Hello, this is Choa. I’m so grateful and apologetic for all the concern from everyone over my sudden hiatus from activities. It’s a little late but I would like to tell you a little about the reason why I had to take a break and the decision I came to after a lot of thinking.
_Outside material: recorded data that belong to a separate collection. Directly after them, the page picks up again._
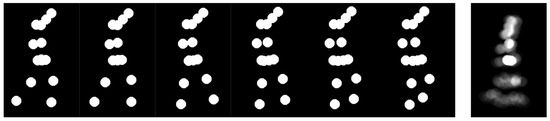 The joint-based GSI represents the skeleton by placing circular markers of radius r at each joint location. As with the line-based variant, these per-frame renderings are aggregated into a single static image, but this representation emphasizes individual joint trajectories rather than body-part connectivity. Figure 4 illustrates the construction process. Different marker radius sizes were tested to analyze the effects of spatial density, compactness, and expressiveness.
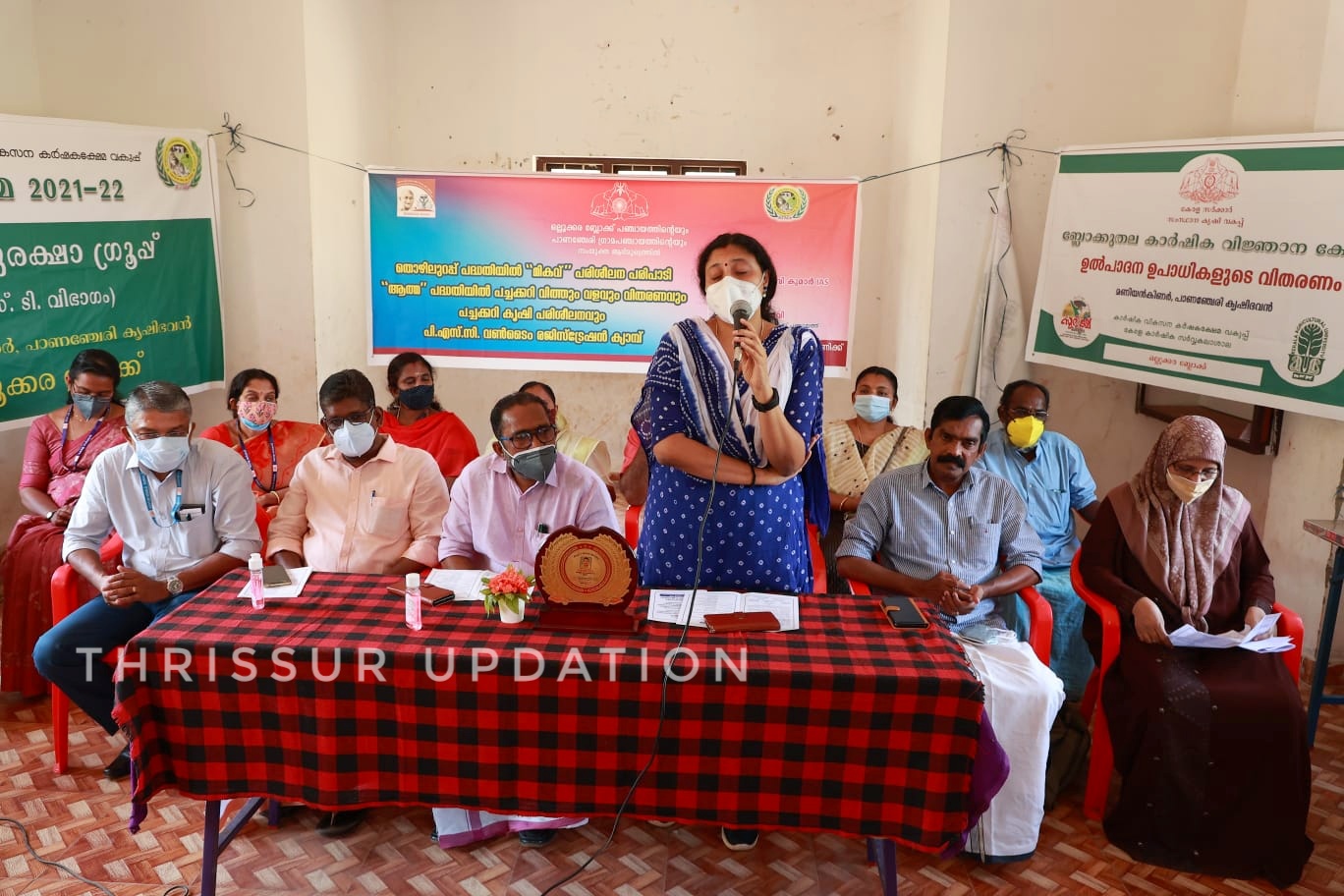 പച്ചക്കറി വിത്തും വളവും ചട്ടിയും വിതരണ ഉദ്ഘാടനം പാണഞ്ചേരി ഗ്രാമപഞ്ചായത്ത് പ്രസിഡന്റ് പി പി രവീന്ദ്രൻ നിർവ്വഹിച്ചു. ജില്ലാ പഞ്ചായത്ത് മെമ്പർ കെ വി സജു
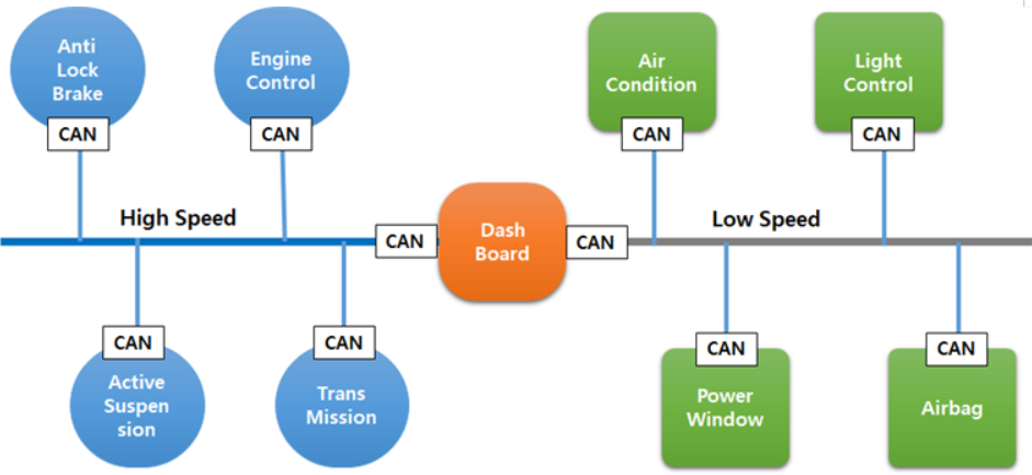 초기 CAN은 ECU간 통신을 위해 UART 방식을 고려했으나, UART는 P2P통신이므로 서로다른 2개이상의 통신을 위해 Bus방식을 사용하여 다중통신을 할 수 있도록 구성하여야 했다.
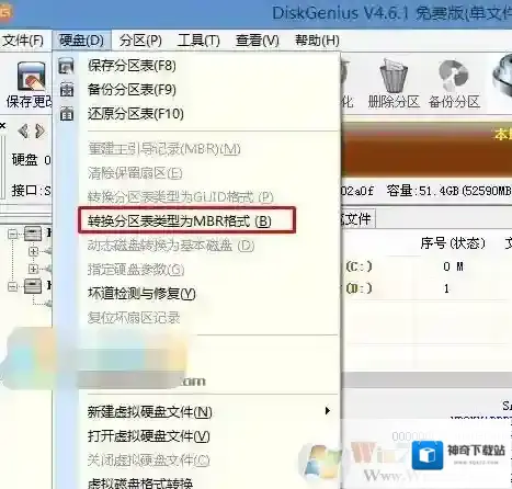 2、转GPT分区为MBR格式:删除分区后,装换硬盘分区表类型 为 MBR 格式,同样还是从“硬盘”–“转换分区表类型为MBR格式”,然后保存更改(以下为图示,此时该项为可点,如不可点说明已经转换好了。),如图:

When I first debuted as part of a team called AOA we didn’t receive a lot of love from the start so the love that I came to receive is that much more precious and I am always thankful. I was the oldest in the team but I was still immature. During my time being active I often wanted to cry. But I always knew the reason why fans sought me out is for my bright demeanor. I was crying on the inside but kept repeating the pattern of appearing bright. And as I kept punishing myself to work harder I found myself getting gradually sicker.

I tried to cure my insomnia and depression with medicine, and two years ago I started easing up on my schedule. But because the problem wasn’t stemming from simple tiredness, I ended up taking a break from all activities.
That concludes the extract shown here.